At the phylum classification level (Figure 8A), PC1 and PC2 account for 60.24% of the total; the cumulative contributions of PC1 and PC2 are 48.37% and 11.86%, respectively. The vertical distribution of microorganisms in different regions was different at the beginning of the experiment. As the experiment progressed, the microbial structure of the enhanced area obviously evolved, and the difference between the two areas remained. The vertical differences within the enhanced area during operation were smaller than those in the control area, which was consistent with the artificial mixing effect of the operation of the water-lifting aeration system.
At the class level (Figure 8B), PC1 and PC2 account for 50.95% of the total; the cumulative contributions of PC1 and PC2 are 35.52% and 15.43%, respectively. The microbial community structure in the enhanced area and the control area showed obvious spatial and temporal differences. The sample distribution at the same time was more aggregated; and the samples in different areas were obviously separated.
At the taxonomic level of genera (Figure 8C), PC1 and PC2 account for 23.05%; the cumulative contributions of PC1 and PC2 are 12.56% and 10.49% respectively. The vertical differences in microbial community structure in the enhanced area decreased gradually with the operation of the water-lift aeration system; the samples in different areas and periods were distributed in different locations on the PCA map, and the microbial community in the control and enhanced areas were distributed in different locations. The structure of the microbial community in the two areas became similar one month after the end of the aeration operation. Meanwhile, the water community composition presented significantly difference between enhanced area and control area (F = 2.82, p = 0.002 < 0.01) based on PERMANOVA analysis (999 permutations).

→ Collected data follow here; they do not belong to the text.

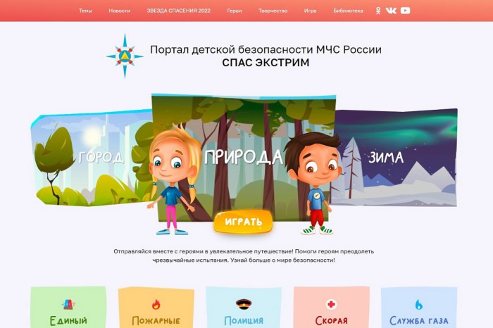 Научить детей основам безопасности можно в игровой форме с помощью Портала детской безопасности МЧС России «Спас-экстрим». Это информационно-познавательный портал о правилах детской безопасности в различных экстремальных ситуациях, посетив который каждый ребенок сможет познакомиться с главным героем сайта – Спасиком.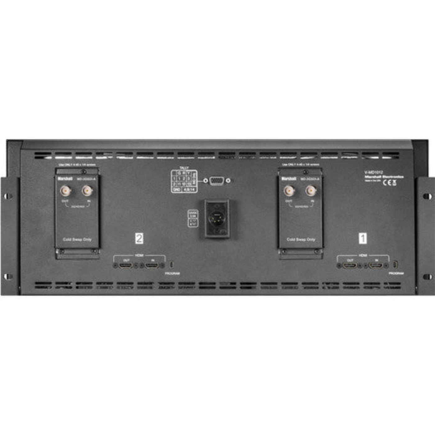 The Marshall Electronics V-MD1012 features two 10.1-inch LED high resolution (1920 x 1200) displays in a rack-mounted design with easily accessible back panels and swappable input modules. The dual independent displays include fully-adjustable crop, aspect ratio, and markers to dial in any kind of desired framing, as well as aneasy-to-use graphical user interface.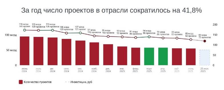 С июня 2024 года по июнь 2025 года объем заявленных инвестиций в проекты в легкой промышленности, связанные со строительством или модернизацией, снизился на 26,7% — со 116 млрд рублей до 80 млрд рублей; а количество проектов в активной стадии реализации сократилось на 41,8% — со 141 до 75. К такому выводу пришли аналитики цифровой платформы «Инвестиционные проекты».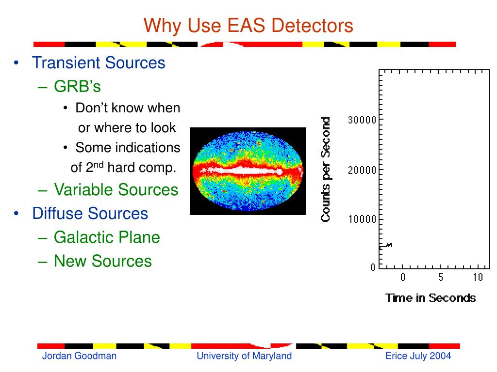 Why Use EAS Detectors • Transient Sources • GRB’s • Don’t know when or where to look • Some indications of 2nd hard comp. • Variable Sources • Diffuse Sources • Galactic Plane • New Sources University of Maryland

Unlike in the Zhoucun Reservoir experiment, the Jinpen Reservoir was a canyon-shaped deep-water reservoir. The operation of the water-lifting aeration system had a weak influence at the periphery. The microbial community structure of the two areas showed obvious differences in the classification levels of the phylum, class, and genera.
3.4. Analysis of the Relationship between Environmental Factors and Microbial Communities
As mentioned above, the different microbial communities in the water samples from the enhanced and control areas were discriminated at the phylogenetic and genetic levels. In detail, as shown in Figure 9A, the RDA (redundancy analysis) analysis showed that the first two RDA dimensions (8 parameters, VIF < 20, F = 1.4, p = 0.002) could explain 20.13% of microbial community changes, with the contributions of RDA1 and RDA2 being 11.94% and 8.19%, respectively. Physical (temperature, DO) and chemical environmental factors (CHl-a, TOC, TN) are the key factors affecting the changes in the microbial community in the reservoir water.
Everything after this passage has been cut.